Alexander Paterson

We are delighted to publish Harry Potter’s third Boydell book and for it to be the first biography of one of the greatest penal reformers of the twentieth century is a source of real pride. A criminal defence barrister, he has now authored six books, presented an award-winning series, The Strange Case of the Law, for the BBC and given numerous lectures and talks. How he finds the time to write such engaging and informative books we do not know, but we are very glad that he does. Here he tells us how his latest book came about.

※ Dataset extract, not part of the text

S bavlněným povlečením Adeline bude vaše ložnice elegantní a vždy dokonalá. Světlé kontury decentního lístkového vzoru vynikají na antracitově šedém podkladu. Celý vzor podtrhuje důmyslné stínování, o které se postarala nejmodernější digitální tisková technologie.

When I was researching for my last book, Shades of the Prison House: a History of Incarceration in the British Isles, I became fascinated by the most influential prison reformer of the twentieth century, Alexander Paterson. I found that other than a short entry in the ODNB and Who Was Who, and mentions of him in the reminiscences of contemporaries or in a few academic penal studies, there was little written about his life, and up until now no biography. For an individual so prominent in his own lifetime, he has faded from the public arena, known by none but criminologists and penologists. I hoped to rectify this and bring to greater public notice a man lauded in his own day as being of a similar stature to John Howard and Elizabeth Fry. But could it be done?

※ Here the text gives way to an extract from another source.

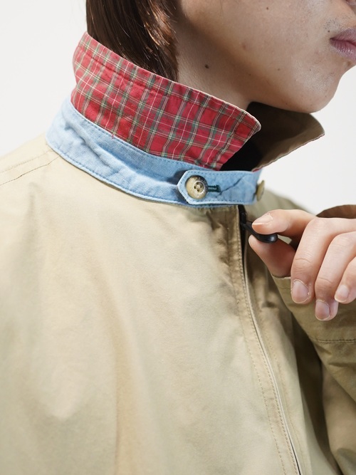 ベーシックなベージュカラーをベースとし、襟裏・チンストラップはチェック、シャンブレー生地切り替え。

                There were, of course, Prison Commission and Home Office records held in the National Archives, but was there enough material for a comprehensive account of his life, and would that life prior to his prison work be of wide interest? I decided to find out. I knew that he had been born in Bowdon, Cheshire, 1884, had gone up to University College, Oxford where his friends included Clem Attlee, the future Prime Minister, and William Temple, the future Archbishop of Canterbury. I knew that he had forsaken political ambitions to live and work among the poor of Bermondsey, and had written an enormously influential account of life there called Across the Bridges. I knew that during the Great War he had served with distinction in the Bermondsey Battalion of the London Regiment (47th Division), joining up as a private and leaving as a decorated officer, and had been involved in Talbot House and Toc H. I knew that he had served as the most influential of all Prison Commissioners from 1922 to shortly before his death in 1947. And I knew that his hobbies were reading, digging and singing.

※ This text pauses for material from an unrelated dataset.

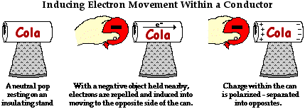 To illustrate this induced movement of electrons, we will consider an aluminum pop can that is taped to a Styrofoam cup. The Styrofoam cup serves as both an insulating stand and a handle. A rubber balloon is charged negatively, perhaps by rubbing it against animal fur. If the negatively charged balloon is brought near the aluminum pop can, the electrons within the pop can will experience a repulsive force. The repulsion will be greatest for those electrons that are nearest the negatively charged balloon. Many of these electrons will be induced into moving away from the repulsive balloon. Being present within a conducting material, the electrons are free to move from atom to atom. As such, there is a mass migration of electrons from the balloon's side of the aluminum can towards the opposite side of the can. This electron movement leaves atoms on the balloon's side of the can with a shortage of electrons; they become positively charged. And the atoms on the side opposite of the can have an excess of electrons; they become negatively charged. The two sides of the aluminum pop can have opposite charges. Overall the can is electrically neutral; it's just that the positive and negative charge has been separated from each other. We say that the charge in the can has been polarized.

                Where to start? Where better than at the beginning. Bowdon. I visited that pleasant haven on several occasions, going to his house (and noticing that a couple of doors away had lived Hans Richter). I visited the Dunham Road Unitarian Church where Aled Jones showed me the plaque to Alec’s father and elder brother, and gave me much background information on Unitarian beliefs and practices at the turn of the nineteenth century. Nearby in another church at Hales Barns I discovered the Paterson family grave where Alec’s ashes had been interred.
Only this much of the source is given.